57話 スカイブルーの少女
「お久しぶりですね。よくわかりましたね?」
「クロくん、身長は少し伸びたのかな?でも、顔は変わってないもん」
「身長は、だいぶ伸びたはずです」
俺より、少し背の高いスカイブルーの少女に言い返す。
昔は、同じくらいの背丈だっはずなのに…
別に彼女が、高身長というわけではない。
俺が、可愛らしい少女の背丈という現実があるだけだった。
「っていうか、何その口調と服装。女の子みたいで気持ち悪いよ」
「うるさいですね」
2年近くもアリスちゃんとして、過ごしたんだから、仕方ないだろう。
そんな俺達を少し離れた場所で、眺めているマリオン。
場所は、奴隷市場の中。
時は少し遡る。
…
……
………
「…クロくん?」
少し大人びたスカイブルーの彼女は、言った。
「あぁ」
懐かしい呼び名に、思わず反応する。
俺の反応に確信を得た彼女は、やっぱり!という顔で、こちらに駆け寄る。
「何かしら?」
そして、反応したのはマリオンもだった。
少し不機嫌そうな声色で、呟く。
こちらへ不用意に駆け寄る少女に対して、女騎士が主人の前に立つ。
不穏な空気が一瞬流れ、
「失礼」
青髪の少女の肩をつかんで、制止させたのは主人と思われる女傭兵であった。
縮地を使ったのかと思う程、一瞬で青髪の少女の後ろに立って右手をかけている。
青髪の少女は、急に制止され、うわっと声をあげた。
「ガレオン子爵と、お見受けいたします。

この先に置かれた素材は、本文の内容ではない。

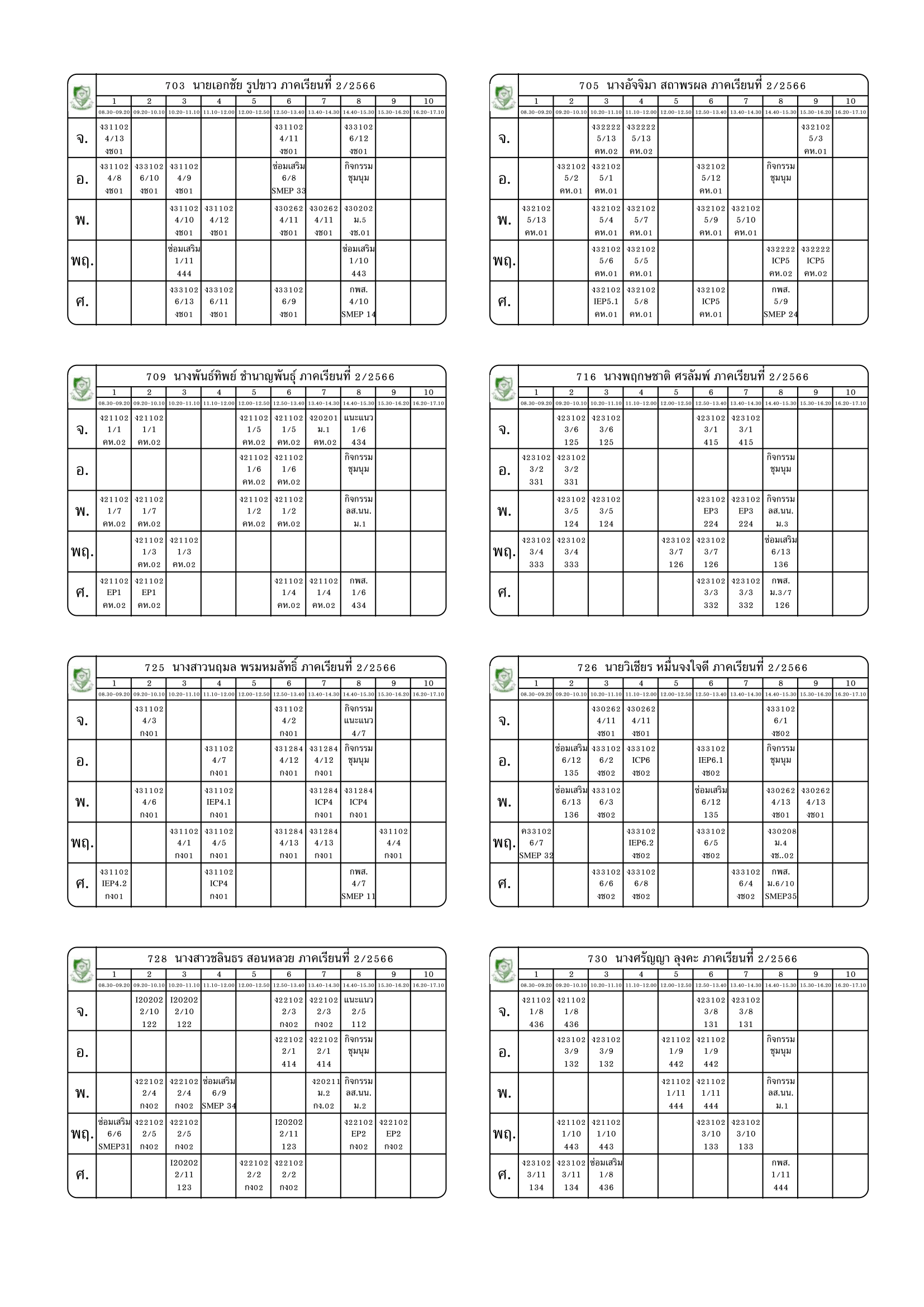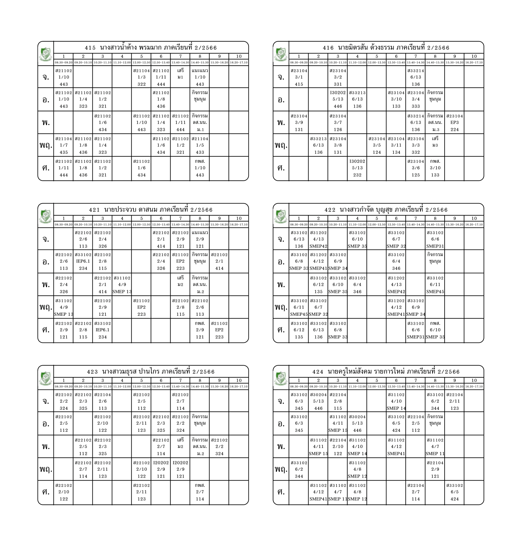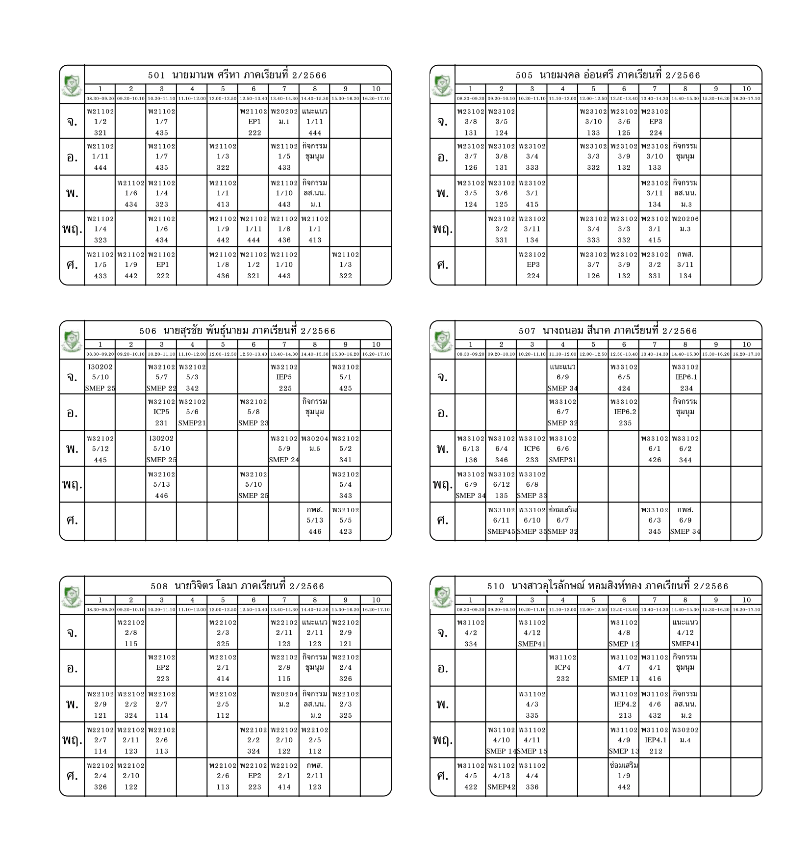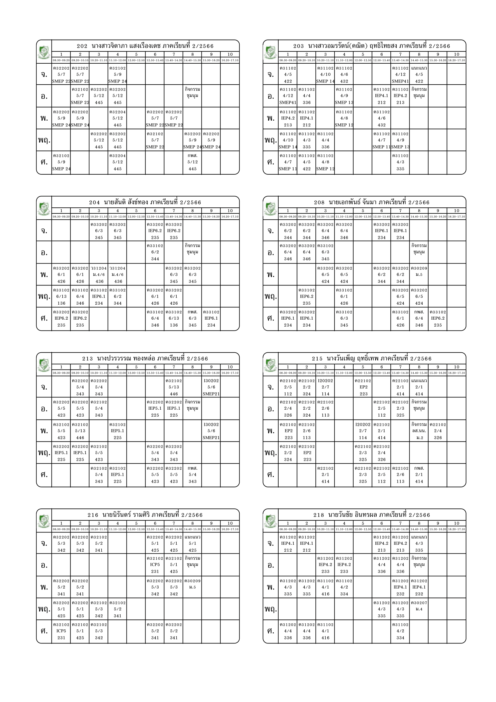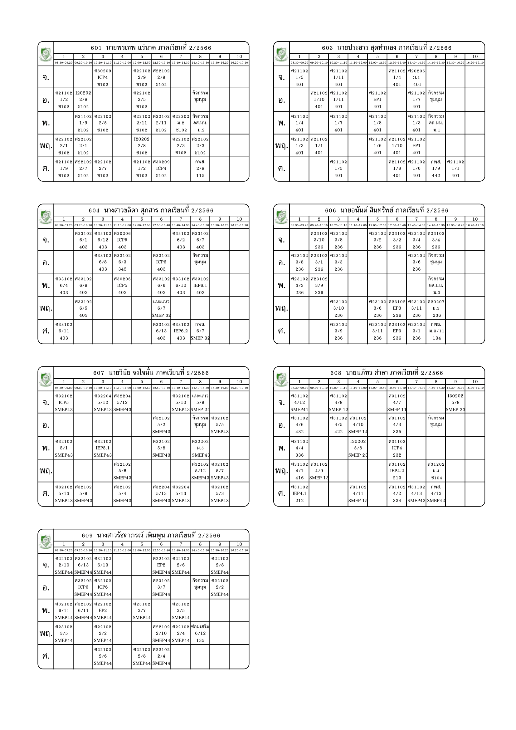 ตารางสอนครู ภาคเรียนที่ 2 ปีการศึกษา 2566 (ปรับใหม่) เริ่มใช้ตั้งแต่ 6 พ.ย.2566

うちの弟子が、失礼を致しました」
女傭兵はそう言うと、マリオンに向かって、頭を下げた。
マリオンは、女傭兵の顔に見覚えがあったようで、
「あら、紅蓮のフレイラでは?あなたが、ここにいるという事は…参戦、感謝致しますわ」
名の知れた傭兵のようで、護衛の騎士達はあれが紅蓮なのかと囁いている。
そして、不穏な空気が消えると、俺達が同じ奴隷商人の屋敷にいたという事がわかり、二人で昔話でもしてきていいわよと、マリオンの許可が降りたのだった。
…
……
………
「クロくんは、貴族様に仕えているんだね。その格好は、護衛の変装なのかな?」
私の口調と服装を、好意的に解釈したのか、勘違いしだす。
「でも、貴族様の護衛剣士か。さすが、ボクより強かっただけはあるよね」
「いや…」
「ボクも、お師匠様から、かなり凄いって言われてるんだよ?」
昔より言葉遣いが荒く、男っぽい口調になった彼女だが、人の話を聞かない癖は変わっていないようだった。
「護衛でもないし、剣士でもない」
「えぇー?」
信じられないという彼女の声が響いたところで、マリオンに手招きされた。
あちらはあちらで、女傭兵との談笑が終わったようだ。
「マリオン様から、呼ばれた」
戻らないと、と彼女に告げると、
「…クロくん、またボクの名前呼ばなかった」
スカイブルーの少女は、悲しげに呟く。
俺は彼女に手を振り、
「またな、アイリス」
スカイブルーの少女は、満面の笑みで手を振り返した。